Could you restate the data word for word and drop the pictures?

*** AVAILABLE DATA ***

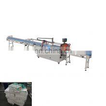 1.This equipment can connect with auto cutting machine to be a production line. Only need one person bagging . Conveyor belt automatic conveying, automatic stacking, paper feeding, bagging, sealing and cutting.
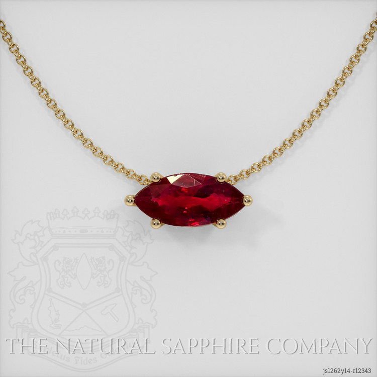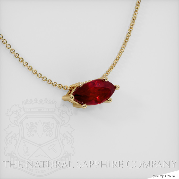 The pendant features a beautiful, transparent 0.58 carat marquise shape red ruby with the dimensions of 8.00 x 3.75 x 2.55 mm and a mixed brilliant cut. It has a clarity grade of slightly included (evaluated at eye level), vivid color saturation, and an excellent polish. The origin of this ruby is Burma (Myanmar).
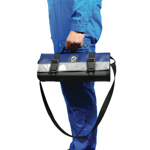 Zawiera: 1 elastyczny zamek błyskawiczny i 2 klipsy. 1 duża przestrzeń do przechowywania narzędzi. 1 centralny uchwyt do przenoszenia. 2 boczne uchwyty do przenoszenia. 1 pasek na ramię.
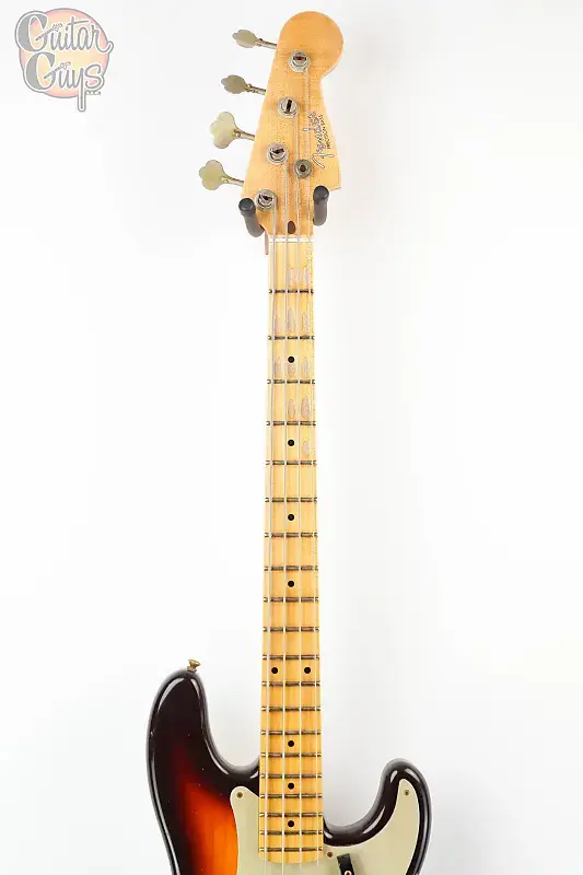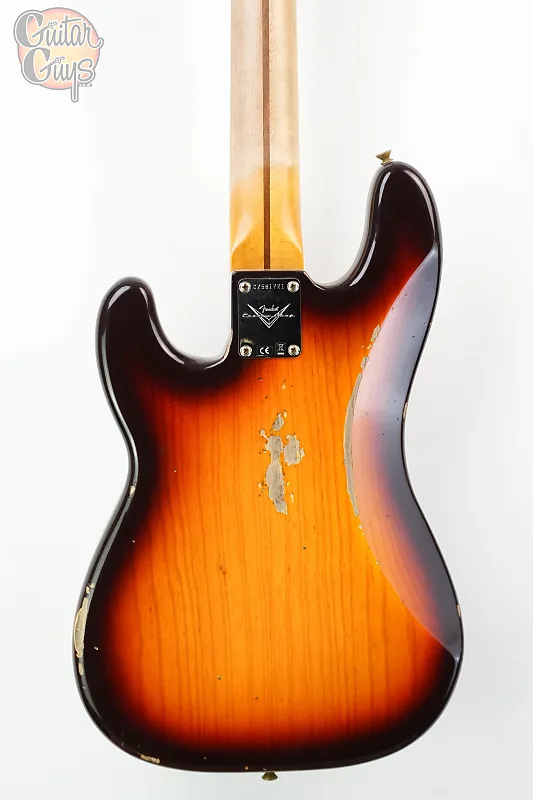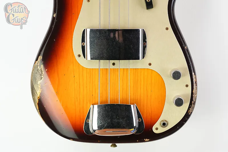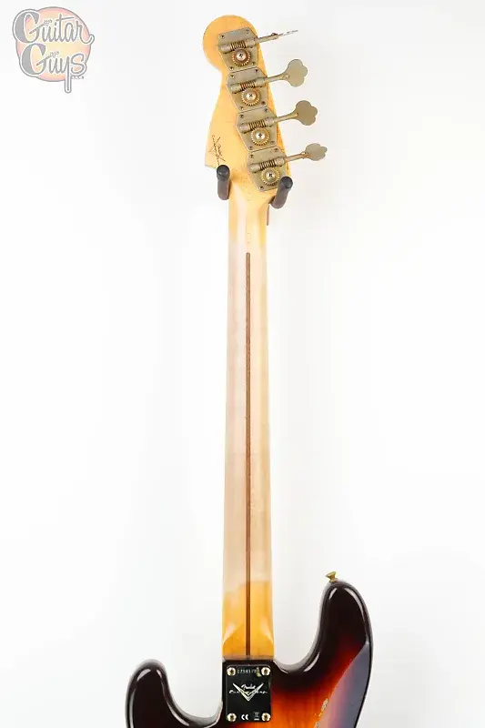Корпус из двух частей из избранной ольхи (ясень на солнце) и цельный кленовый гриф из распиленного на четверть клена покрыты лаком Relic и доступны в трех цветах, соответствующих периоду: Aged Desert Sand, Aged Sonic Blue и Super Faded Aged Chocolate Three-Color Sunburst. Чтобы завершить знаковые черты золотой эры, золотой анодированный пикгард оснащен звукоснимателем P-Bass '57 с ручным заводом Custom Shop и винтажной проводкой.

***

TASK RESPONSE »
 1.This equipment can connect with auto cutting machine to be a production line. Only need one person bagging . Conveyor belt automatic conveying, automatic stacking, paper feeding, bagging, sealing and cutting.
 The pendant features a beautiful, transparent 0.58 carat marquise shape red ruby with the dimensions of 8.00 x 3.75 x 2.55 mm and a mixed brilliant cut. It has a clarity grade of slightly included (evaluated at eye level), vivid color saturation, and an excellent polish. The origin of this ruby is Burma (Myanmar).
 Zawiera: 1 elastyczny zamek błyskawiczny i 2 klipsy. 1 duża przestrzeń do przechowywania narzędzi. 1 centralny uchwyt do przenoszenia. 2 boczne uchwyty do przenoszenia. 1 pasek na ramię.
Корпус из двух частей из избранной ольхи (ясень на солнце) и цельный кленовый гриф из распиленного на четверть клена покрыты лаком Relic и доступны в трех цветах, соответствующих периоду: Aged Desert Sand, Aged Sonic Blue и Super Faded Aged Chocolate Three-Color Sunburst. Чтобы завершить знаковые черты золотой эры, золотой анодированный пикгард оснащен звукоснимателем P-Bass '57 с ручным заводом Custom Shop и винтажной проводкой.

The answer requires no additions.